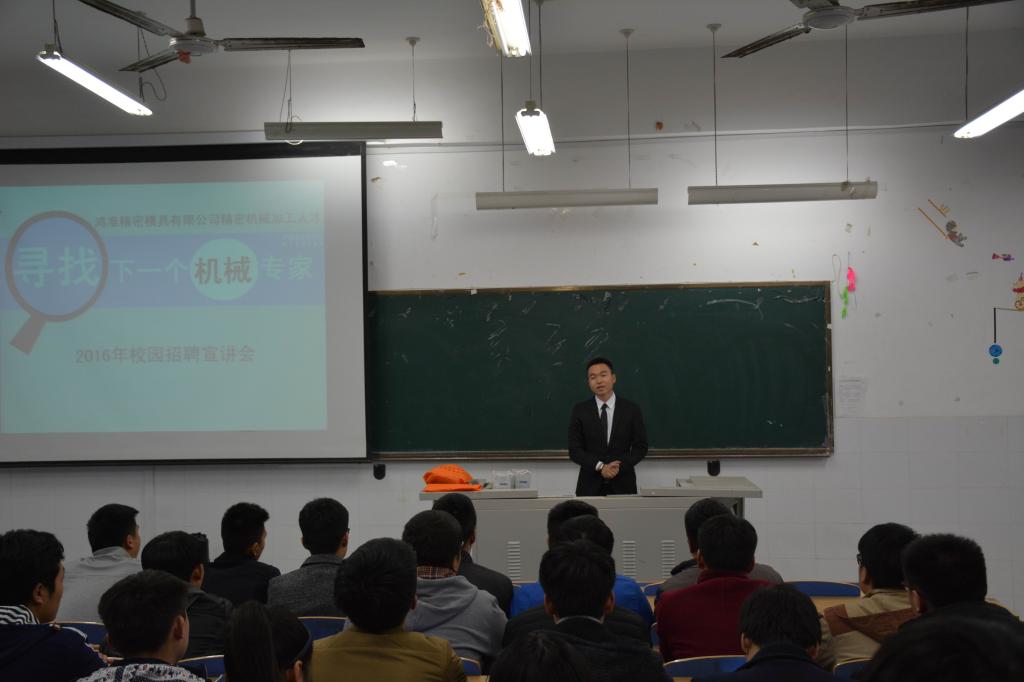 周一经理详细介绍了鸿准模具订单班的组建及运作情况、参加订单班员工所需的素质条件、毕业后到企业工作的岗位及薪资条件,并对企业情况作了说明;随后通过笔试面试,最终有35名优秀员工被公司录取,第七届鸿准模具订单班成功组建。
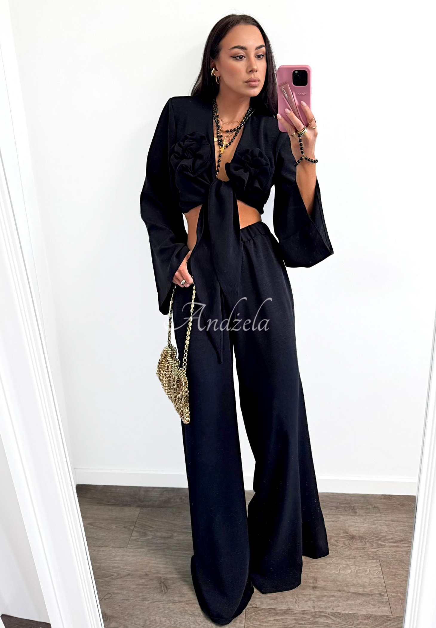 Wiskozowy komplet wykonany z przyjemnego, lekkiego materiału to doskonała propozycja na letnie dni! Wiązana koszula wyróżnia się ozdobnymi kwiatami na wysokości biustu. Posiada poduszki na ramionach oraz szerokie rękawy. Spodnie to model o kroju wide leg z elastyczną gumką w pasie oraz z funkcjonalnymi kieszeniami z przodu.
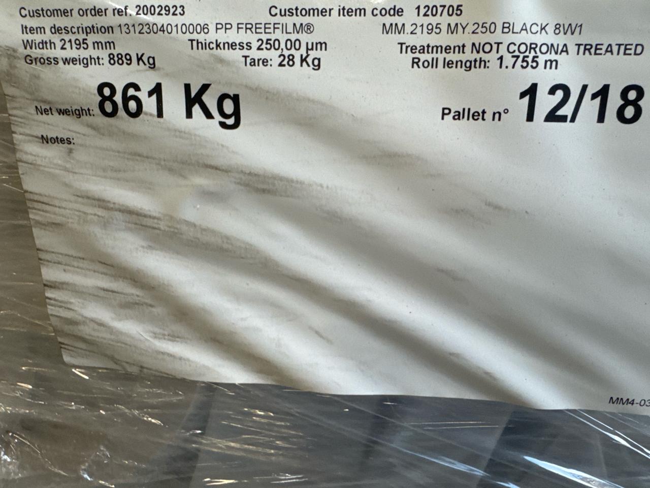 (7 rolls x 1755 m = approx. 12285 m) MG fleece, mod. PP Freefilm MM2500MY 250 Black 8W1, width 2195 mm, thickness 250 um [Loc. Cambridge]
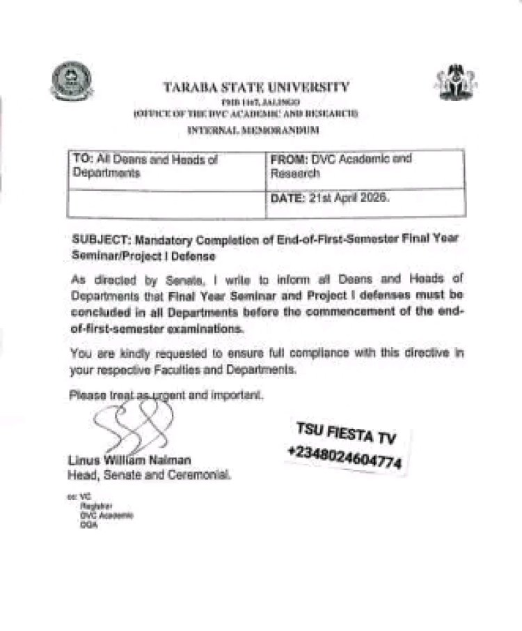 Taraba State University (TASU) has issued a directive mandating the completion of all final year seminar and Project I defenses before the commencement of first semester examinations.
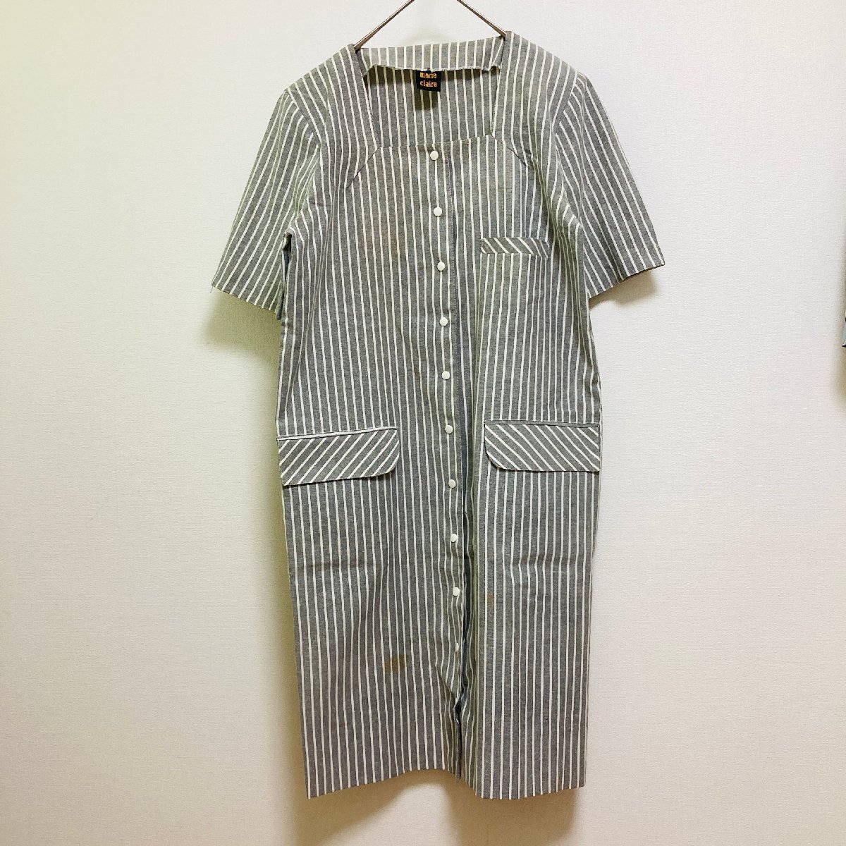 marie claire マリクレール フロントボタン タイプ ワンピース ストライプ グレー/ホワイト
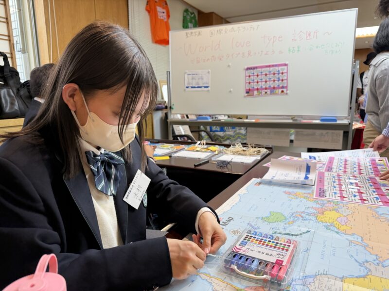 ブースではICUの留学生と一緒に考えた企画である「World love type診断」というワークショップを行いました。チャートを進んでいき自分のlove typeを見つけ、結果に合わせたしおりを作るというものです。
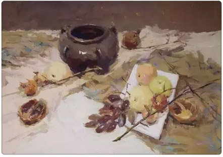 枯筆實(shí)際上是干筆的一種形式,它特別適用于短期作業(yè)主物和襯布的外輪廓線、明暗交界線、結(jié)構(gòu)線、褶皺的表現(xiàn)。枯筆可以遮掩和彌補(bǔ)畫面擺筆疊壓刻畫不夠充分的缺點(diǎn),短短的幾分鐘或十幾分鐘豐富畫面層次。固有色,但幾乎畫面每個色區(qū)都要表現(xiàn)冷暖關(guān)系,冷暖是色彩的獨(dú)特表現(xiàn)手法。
....................
* _Task statement_
Lines from the one above containing "Taraba State University" down to the one containing "marie claire マリクレール" should be transcribed exactly, with both ends kept and no pictures.

* _Written answer_
 Taraba State University (TASU) has issued a directive mandating the completion of all final year seminar and Project I defenses before the commencement of first semester examinations.
 marie claire マリクレール フロントボタン タイプ ワンピース ストライプ グレー/ホワイト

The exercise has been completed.